[Haskell-cafe] Re: Exercise in point free-style

[John Hughes]

> From: Julien Oster <haskell at lists.julien-oster.de>
> Subject: [Haskell-cafe] Exercise in point free-style
>
> I was just doing Exercise 7.1 of Hal Daumé's very good "Yet Another
> Haskell Tutorial". It consists of 5 short functions which are to be
> converted into point-free style (if possible).
>
> It's insightful and after some thinking I've been able to come up with
> solutions that make me understand things better.
>
> But I'm having problems with one of the functions:
>
> func3 f l = l ++ map f l
>
> Looks pretty clear and simple. However, I can't come up with a solution.
> Is it even possible to remove one of the variables, f or l?

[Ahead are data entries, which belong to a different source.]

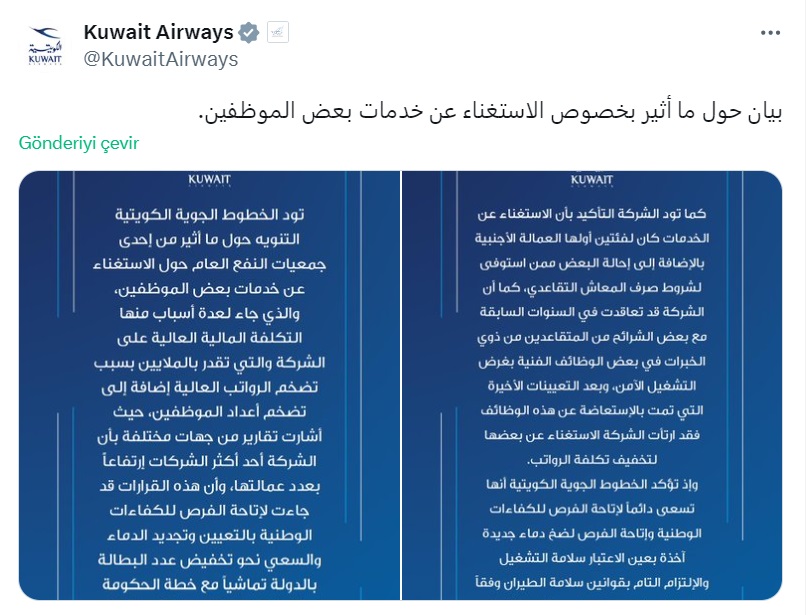 Havayolundan yapılan açıklamada, işten çıkarmaların Kuveyt vatandaşlarına fırsat yaratmak, iş gücünü canlandırmak ve işsizlik oranlarını azaltmak amacıyla başlatıldığı belirtildi.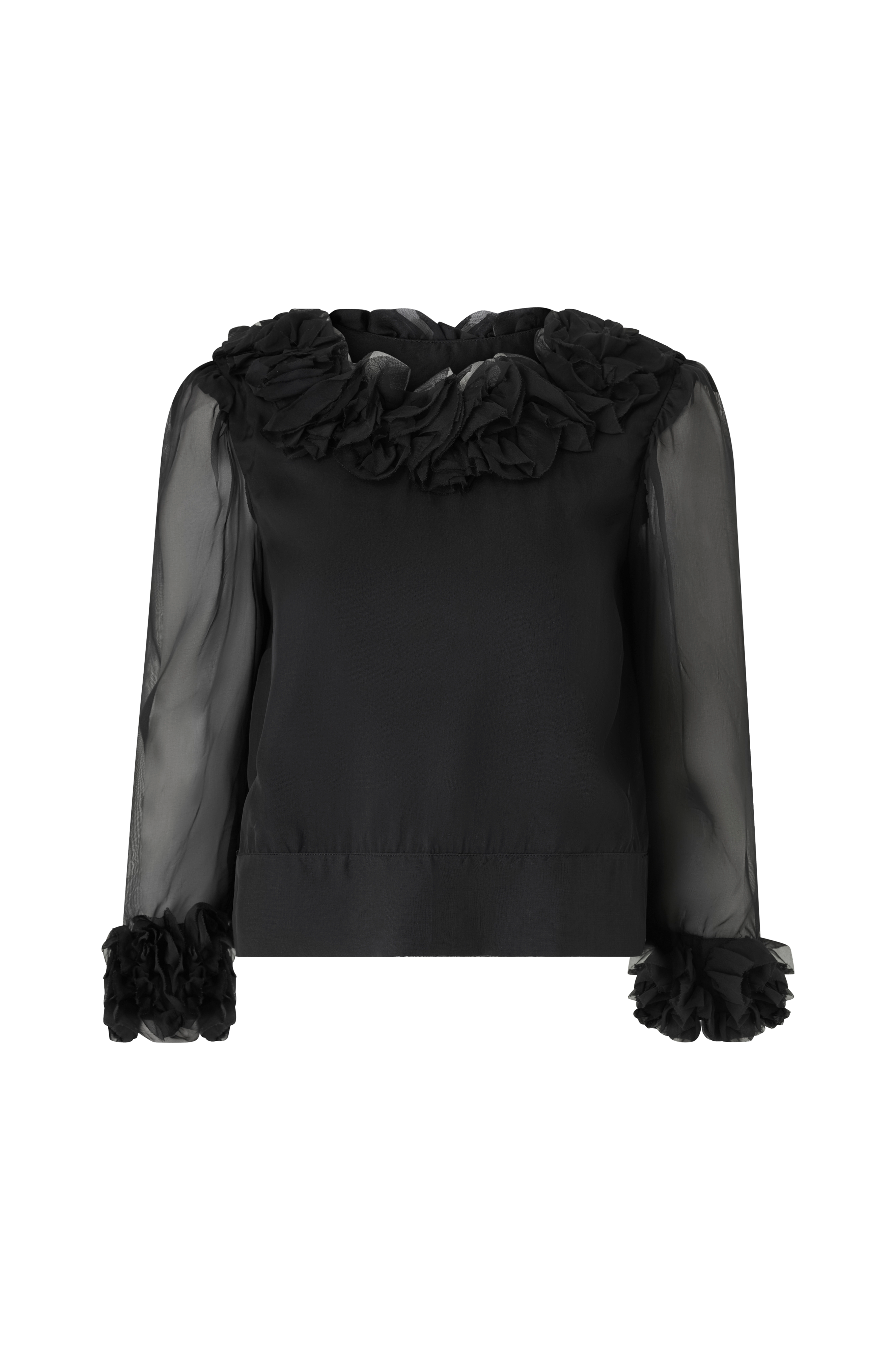 • Fôret bluse i organza• Rund hals med v-hals snitt i ryggen• Ufôrete ermer 3/4 lang• Applique på halslinjen og ved armenden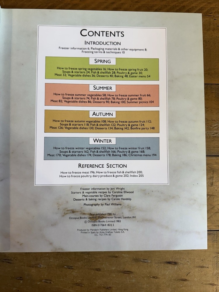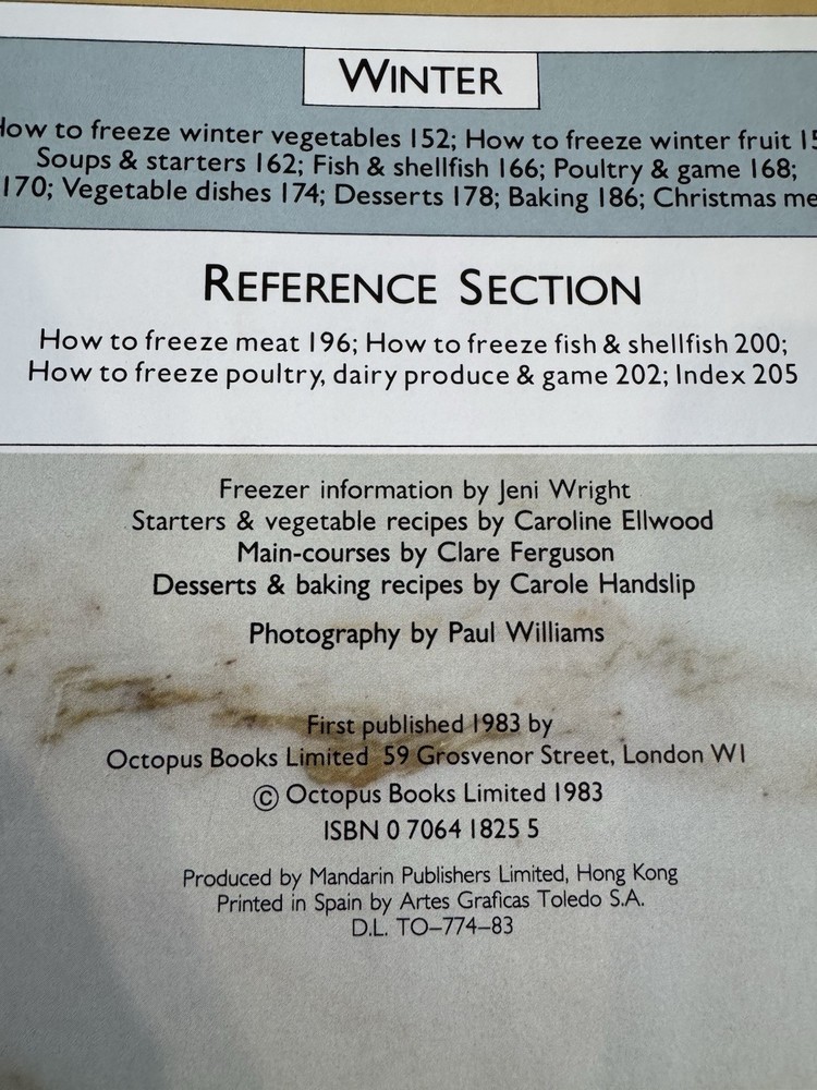 SEASONAL FREEZER COOKBOOK Hardback Book Jeni Wright Freezing Technique Free Post PLEASE CHECK PHOTOS books can be creased, discoloured, have foxing, be water damaged, bindings may be frayed and there may be sticker damage. I make sure that I take photos of the wear & tear so please check photos or otherwise if you have any questions, do not hesitate to send me a message. Thank you

If so, how?
>
> Thanks,
> Julien

Oh, YES!!

Two ways to remove l:

func3a f = uncurry ((.map f).(++)) . pair
func3b f = uncurry (flip (++).map f) . pair

And just to make sure they're right:

propab new f l =
  func3 f l == new f l
  where types = f :: Int->Int

quickCheck (propab func3a)
quickCheck (propab func3b)

If you don't mind swapping the arguments, then

propc f l =
  func3 f l == func3c l f
  where types = f :: Int->Int

func3c l = (l++) . (`map` l)

With the arguments swapped, you can even remove both!

propd f l =
  func3 f l == func3d l f
  where types = f :: Int -> Int

func3d = uncurry ((.(flip map)) . (.) . (++)) . pair

MUCH clearer!

The trick is to observe that l is duplicated, so you need to use a 
combinator that duplicates something. The only one available here is pair, 
which you then have to combine with uncurry.

It would be nicer to have

(f &&& g) x = (f x,g x)

available. (&&& is one of the arrow combinators). Then you could remove l by

func3e f = uncurry (++) . (id &&& map f)

which is sort of readable, and remove both by

func3f = (uncurry (++).) . (id &&&) . map

John